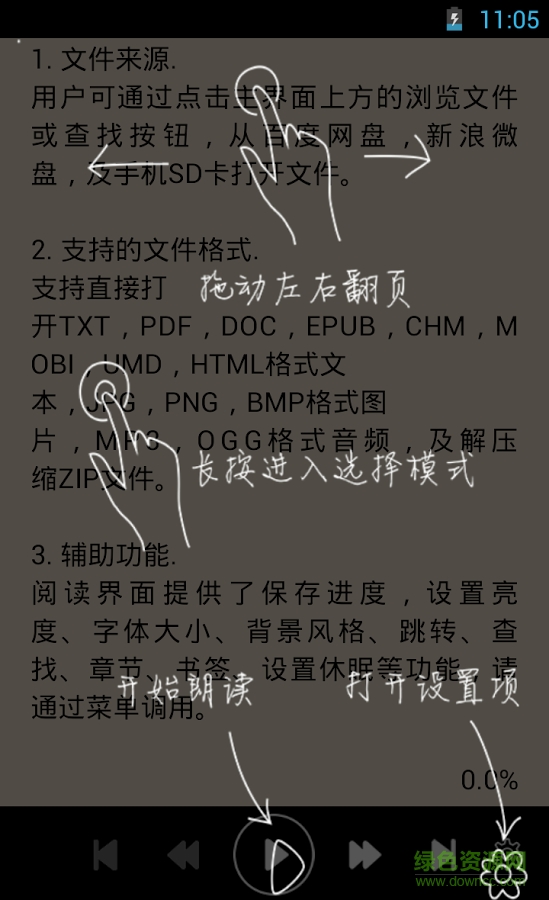 1.软件内部支持TXT,PDF,DOC,EPUB,CHM,MOBI,UMD,HTML文本,JPG, BMP, PNG图片, MP3,OGG音频文件,及ZIP文件的解压缩。
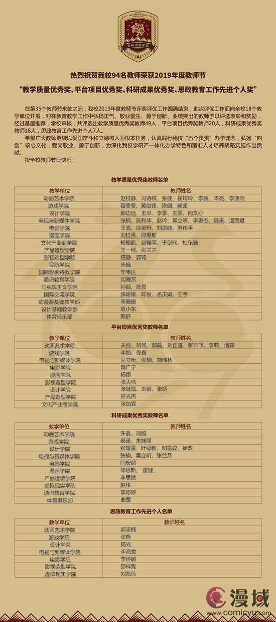 【表彰奖励】吉林动画学院关于2019年度教师节教师表彰奖励的决定
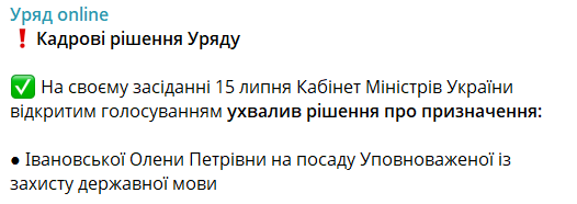 В Кабмине отметили, что решение о назначении Ивановской языковым омбудсменом приняли путем открытого голосования.
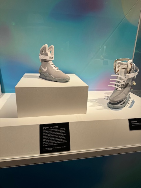 I walked through the other exhibit, Future is Now, which is about sneakers–something I know much about. It reminded me of the Department of Archives for Nike (DNA) and many things I have seen at the shoe company. They had a pair of the famous self-tightening boots made for the anniversary of the movie Back to the Future. Someone had disassembled one boot and made a display of how the shoe was made. My connection to this was the stories from friends who worked for Nike about trying to buy and import motors and the requirements for importing shoes with motors and batteries–no simple task, I learned. I smiled and took a picture.
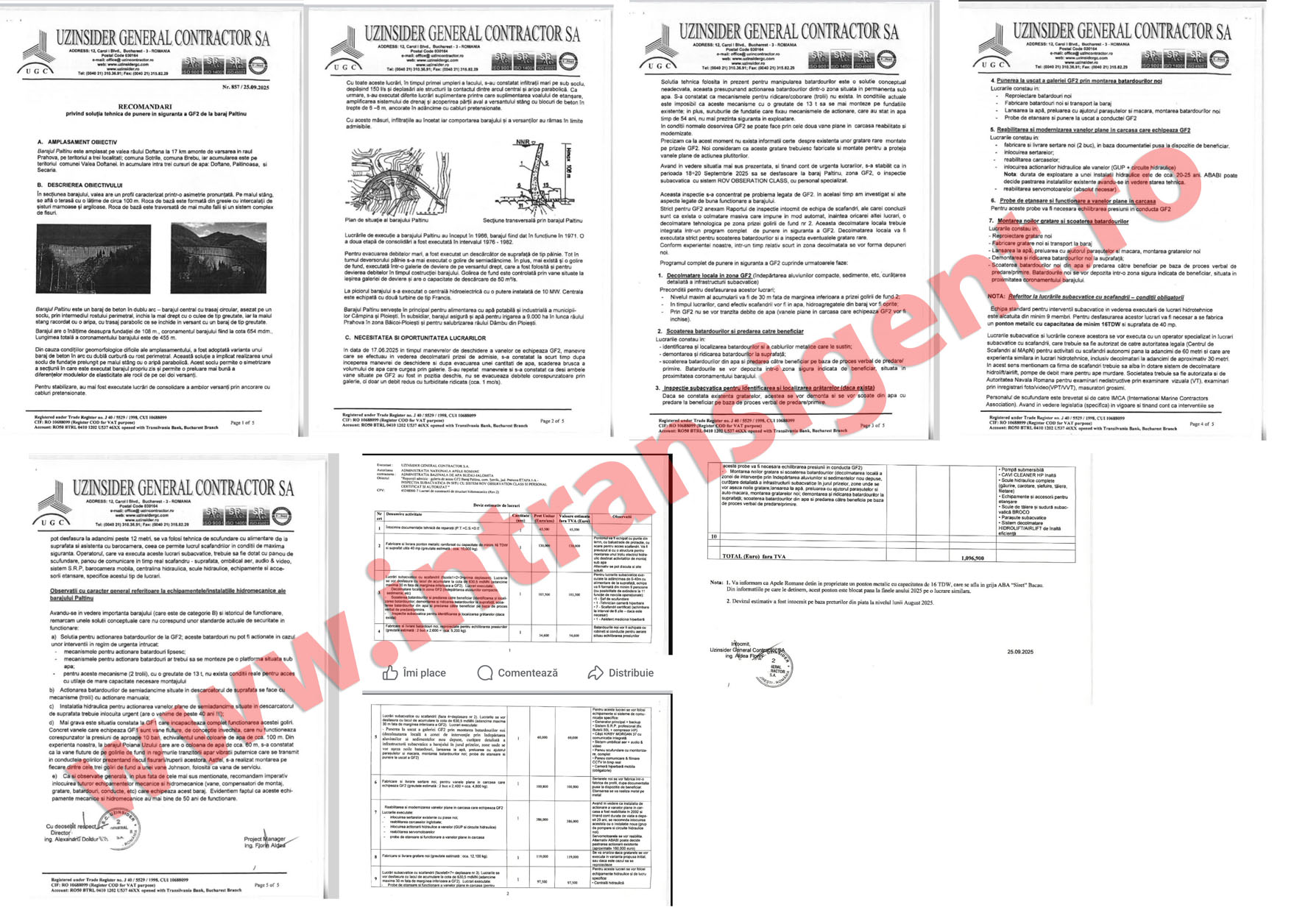 Raportul NEMO PRO DIVING SRL, întocmit pentru UZINSIDER General Contractor SA, are ca obiect inspecția subacvatică a sistemului GF2 – golirea de fund nr. 2 a barajului Paltinu, folosind echipamente ROV. Este un document care consemnează fapte măsurabile: adâncimi exacte, timpi operaționali, limite tehnice, elemente identificate și, la fel de important, elemente care nu mai pot fi identificate.
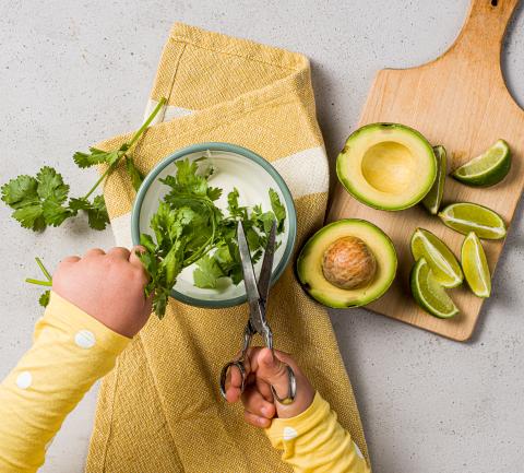 Tear the leaves off the coriander, chop finely with scissors, place in a small bowl. Stir in the yoghurt and oil, season. Halve the avocado, remove the stone, cut into pieces, cut the lime into wedges. Serve the tacos with the dressing, avocado and lime.
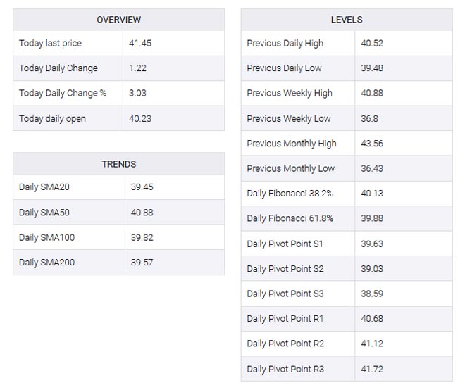 Il prezzo del petrolio WTI continua a salire andando ha chiudere i primi quattro giorni della settimana in territorio positivo toccando il livello più alto dal 13 settembre a 41,30 dollari al barile. Al momento della scrittura, il petrolio WTI registra un rialzo del 3,28% a 41,24 dollari.
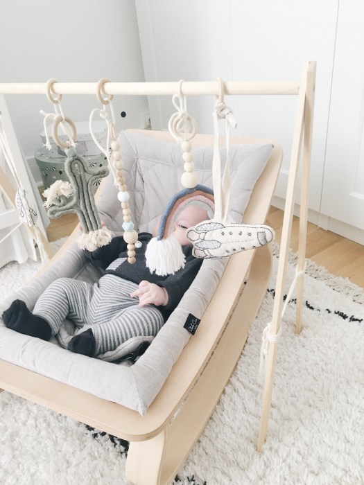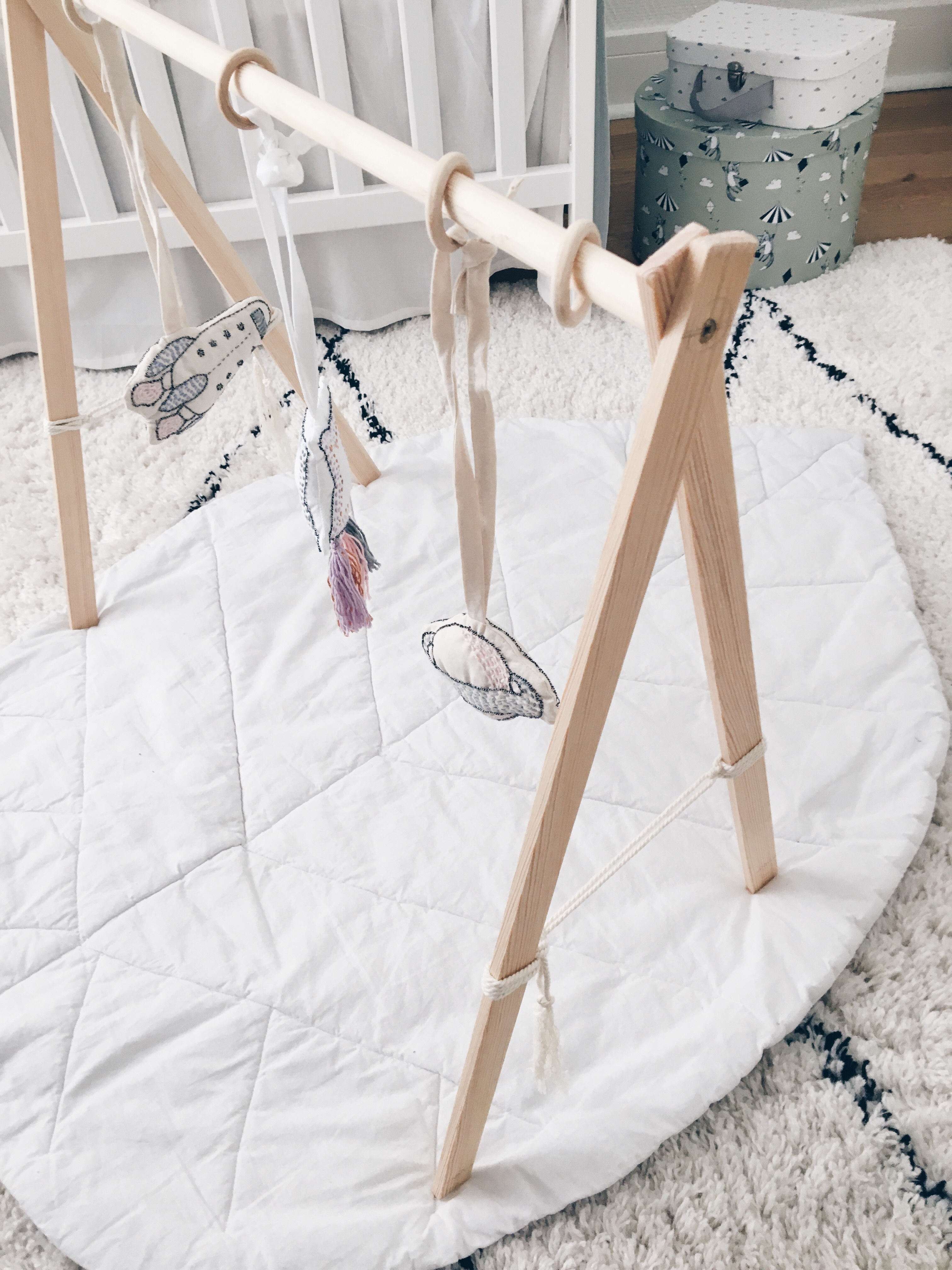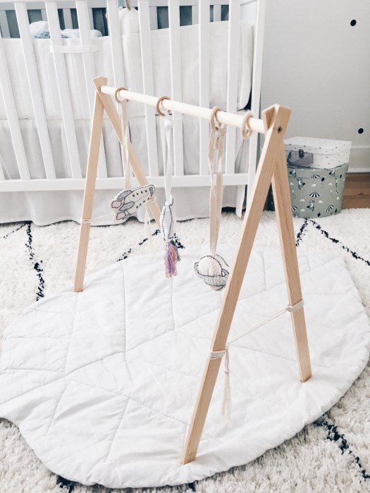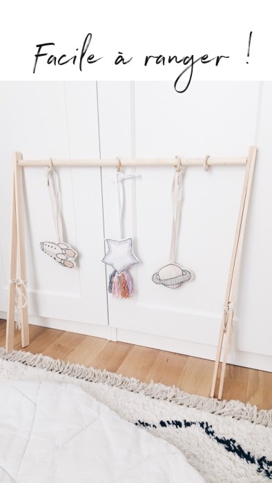 Ce portique permet d’y suspendre de jolies choses pour stimuler l’éveil de bébé, découvrez aussi comment réaliser ces suspensions dans mon DIY suspension d’éveil ici

========================================

■ Assignment
In the answer, the lines from the one containing "Tear the leaves" to the end of the records above must be written out exactly, both ends included; the pictures must not appear.

■ Response to this exercise
 Tear the leaves off the coriander, chop finely with scissors, place in a small bowl. Stir in the yoghurt and oil, season. Halve the avocado, remove the stone, cut into pieces, cut the lime into wedges. Serve the tacos with the dressing, avocado and lime.
 Il prezzo del petrolio WTI continua a salire andando ha chiudere i primi quattro giorni della settimana in territorio positivo toccando il livello più alto dal 13 settembre a 41,30 dollari al barile. Al momento della scrittura, il petrolio WTI registra un rialzo del 3,28% a 41,24 dollari.
 Ce portique permet d’y suspendre de jolies choses pour stimuler l’éveil de bébé, découvrez aussi comment réaliser ces suspensions dans mon DIY suspension d’éveil ici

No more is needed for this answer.